Rumors swirled through the fashion industry over the summer as top design positions at prestigious brands like Valentino, Givenchy, and Chanel became available. Many expected Clare Waight Keller, the British designer best known for her work at Chloé and Givenchy, to take on a major role. However, in a surprising turn, Waight Keller took on a new challenge—joining Japanese high-street giant Uniqlo as the creative director overseeing both men’s and women’s wear.
The move is part of a larger industry trend, with more designers turning to accessible fashion. Celebrities like Sienna Miller and Kate Moss have launched collections for brands like M&S and Zara, while Zac Posen now leads Gap’s creative direction. Waight Keller’s decision to work with Uniqlo, which is known for its affordable basics, reflects this shift towards more accessible fashion offerings.
Bringing Femininity to Uniqlo’s Women’s Wear
Waight Keller’s goal at Uniqlo is to introduce a feminine touch and Western sensibility to the brand, which is renowned for its practical and unisex clothing, particularly its heat-tech thermals. “Their women’s wear always had a unisex feel, and I felt a lack of femininity that could attract a new customer base,” Waight Keller explains from her home in Cornwall, where she is recovering from jet lag after a recent visit to Uniqlo’s headquarters in Tokyo.
Waight Keller’s partnership with Uniqlo isn’t new. She began talks with the company three years ago and launched the first of three Uniqlo: C capsule collections in September 2023, which garnered positive reviews from fashion editors. The collaboration was an exciting new direction for her, with the designer spending more time in Tokyo and merging her efforts with Uniqlo’s main line.
Uniqlo’s Appeal Grows Among Stylish Shoppers
Uniqlo has become a favorite among fashion-conscious shoppers, rivaling brands like Zara and Mango. It is increasingly known for its guest designer collections, which have featured collaborations with names like JW Anderson, Anya Hindmarch, and former Hermès creative director Christophe Lemaire.
“There is a pride in wearing Uniqlo,” Waight Keller says, adding that she enjoys wearing their high-quality, reasonably priced cashmere sweaters. “The lack of logos makes it universal, and the clothes are beautifully made and great value. It’s democratic, offering timeless pieces that are not driven by fast-moving trends.”

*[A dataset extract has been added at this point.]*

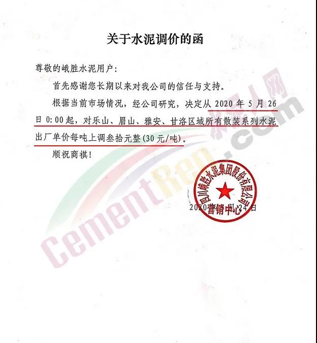 四川峨勝水泥通知自5月26日0時起,對樂山、眉山、雅安、甘洛區域所有散裝系列水泥出廠單價每噸上調30元/噸。

Fashion and Personal Style: A Mix of High and Low
Waight Keller emphasizes that dressing well today is all about mixing high-end pieces with affordable ones. “I have 21-year-old daughters who wear high-street clothes and then buy designer bags or shoes second-hand,” she says. “It’s about the mix, and there’s no shame in it. High and low can coexist.”
Waight Keller also has a 13-year-old son and lives with her architect husband Peter in West London. Originally from Birmingham, she moved to London at 17 to study at Ravensbourne College. After cutting her teeth at Calvin Klein and Gucci, she returned to London for its multicultural vibrancy.
Championing Diversity in Fashion Leadership
Despite her success, Waight Keller remains passionate about improving diversity in fashion. She advocates for more women in leadership roles at luxury fashion houses. “We need to see more women at the top. The industry is still underserved in this regard,” she says.
Her support extends to Sarah Burton, the newly appointed creative director of Givenchy, wishing her well while expressing concern over the high fashion industry’s future. Waight Keller believes the rising prices in luxury fashion are a troubling sign, noting that items that cost less just a few years ago are now far more expensive.
A New Path in Fashion
For Waight Keller, her work at Uniqlo is not a retreat from high fashion. While she still cherishes her couture experience, she finds satisfaction in creating designs that are accessible to a wide range of people. “I think good design should be for everyone,” she says. “It’s incredibly rewarding to see so many people wear my designs. And for now, I’m enjoying this new path.”